# fashion sketching



## ilovexnerdsx (Jan 2, 2007)

does anybody do this? ive been getting into this and designing more lately, and im toying with the idea of becoming a fashion designer. i got an awesome book on fashion sketching, and its helping a lot. anyway, i was wondering if anybody had any tips for starting out on this or some ideas to help me, in general. thanks


----------



## d_flawless (Jan 2, 2007)

what're you reading? i'm an ADM major and i have yet to take a drawing or draping class yet, only the technical stuff.


----------



## ilovexnerdsx (Jan 2, 2007)

it's Fashion Sketching (4th Edition) by Bina Albing. here's the rundown on the barnes & noble website: http://search.barnesandnoble.com/boo...63672941&itm=1

i see she also has some other books. i think i'll check them out as well


----------



## amoona (Jan 2, 2007)

I'm going to be starting Interior Design @ the Academy of Art University in San Francisco. I'm not too good at drawing or sketching but you may want to check out their website and check their Fashion Design major. Or even websites of other fashion/art schools. They have student's works as well as lots of helpful information. I'd love to see some of your sketchs ... I'm always amazed by people's art.


----------



## ilovexnerdsx (Jan 3, 2007)

Quote:

   Originally Posted by *amoona* 

 
_I'm going to be starting Interior Design @ the Academy of Art University in San Francisco. I'm not too good at drawing or sketching but you may want to check out their website and check their Fashion Design major. Or even websites of other fashion/art schools. They have student's works as well as lots of helpful information. I'd love to see some of your sketchs ... I'm always amazed by people's art._

 
thanks a ton 
	

	
	
		
		

		
		
	


	




 i havent done anything interesting yet. im just beginning and experimenting with the figure and shape, proportions etc. i will post some sketches as soon as they get more interesting


----------



## Jacq-i (Jan 3, 2007)

I took a Fashion Illustration class last semester. We used 9 Heads: A Guide to Drawing Fashion by Nancy Riegelman. I really like the book, the pictures are so pretty!

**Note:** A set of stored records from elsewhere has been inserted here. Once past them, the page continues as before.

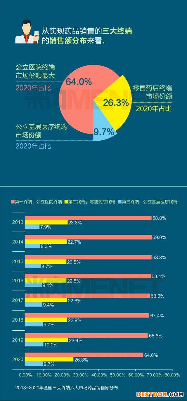 銷售額達(dá)16437億元,同比負(fù)增長8.5%。從實(shí)現(xiàn)藥品銷售的三大終端的銷售額分布來看,公立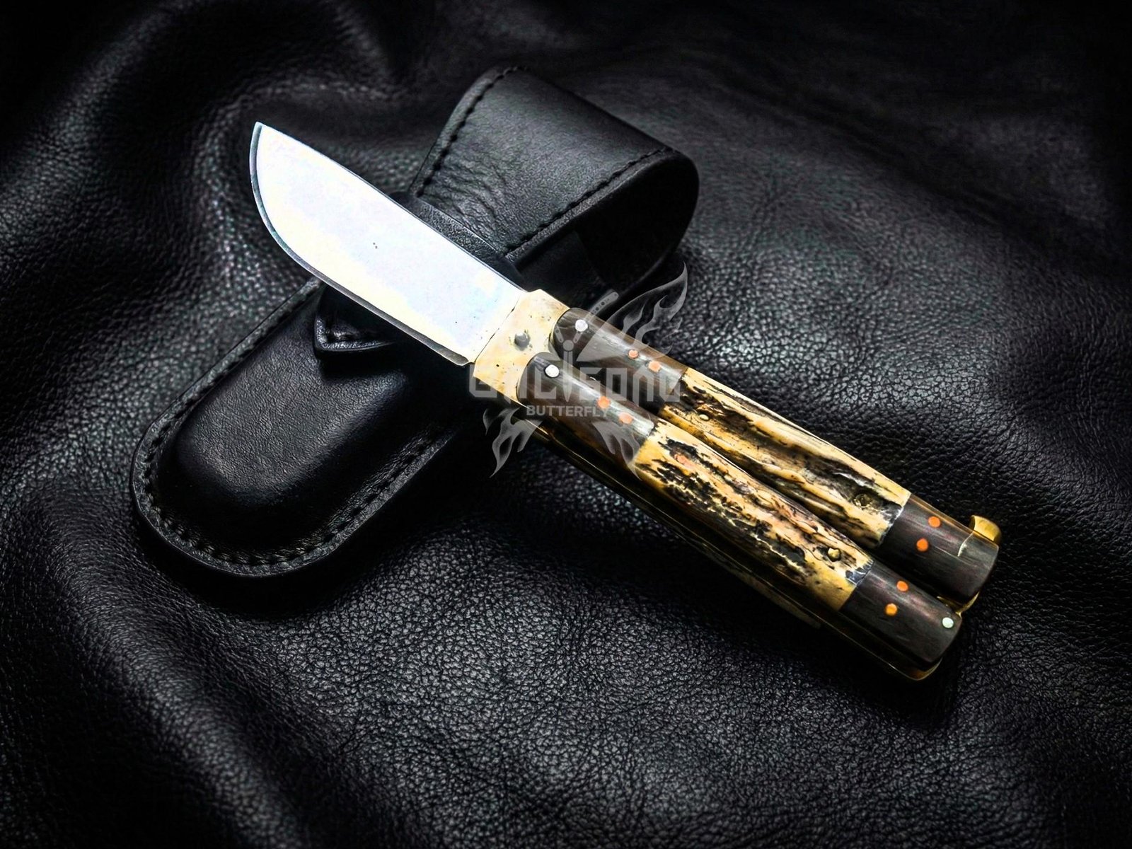 Handmade D2 Steel Balisong Knife| Stag & Rose Wood Handle| Premium Butterfly Knife with Leather Sheath BF-158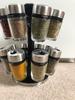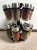Clear glass containers with Stainless Steel caps and holder.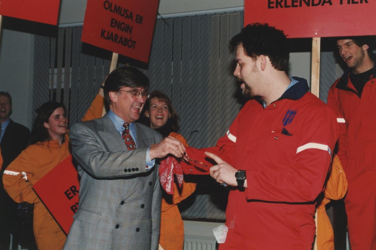 Í sjötugsafmæli Guðmundar J. Guðmundssonar 1997. Þorsteinn Pálsson og Ólafur Darri troða upp.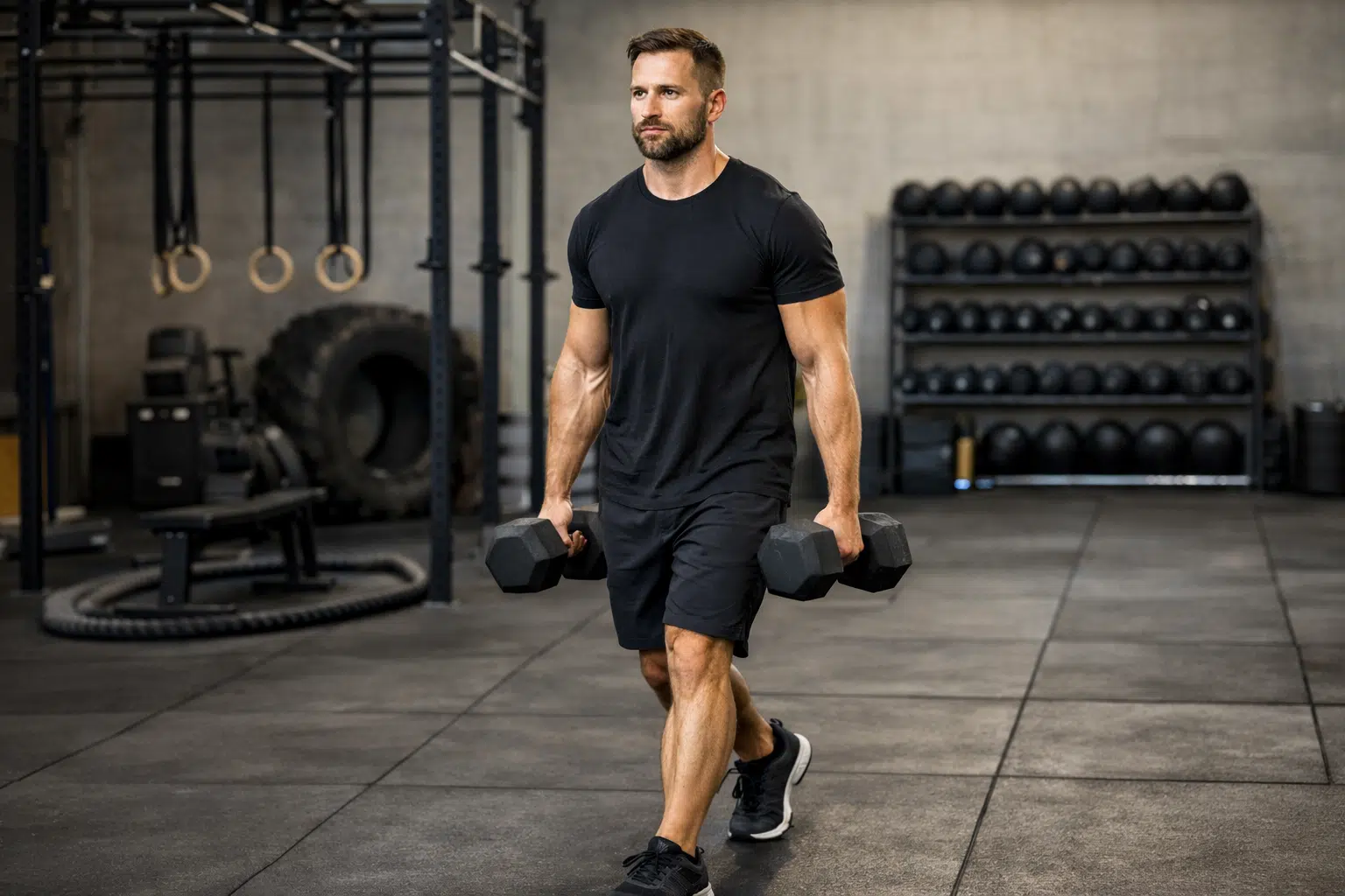Renforcement musculaire global: Le farmer walk est un exercice de force qui sollicite tout le corps en même temps. Les avant-bras travaillent pour tenir, les épaules et le dos stabilisent, la sangle abdominale verrouille, les jambes propulsent. Impossible de tricher : tout participe.

*nods* I think that fashion would be a fun major... I took that class "for fun" and it was a really cool elective.


----------



## NikkiHorror (Jan 3, 2007)

I went to Fashion School at Palomar Community College in San Marcos, CA and ended up dropping out.  Fashion Illustration was my absolute favorite class.  I would definatley reccomend taking it for fun; they'll teach you so much.  I thought I was pretty good at drawing the first day, but that teacher really knocked all of us down and criticized our work.  Alot of the kids in the class hated her, but I really liked her because she knew what she was looking at.  My fashion drawing skills have improved so much since then.  You also learn watercolor painting, and how to make your designs look soooo bad ass. If you're going to be a designer, you must have the skill to show your team exactly what's on your mind when it comes to your ideas.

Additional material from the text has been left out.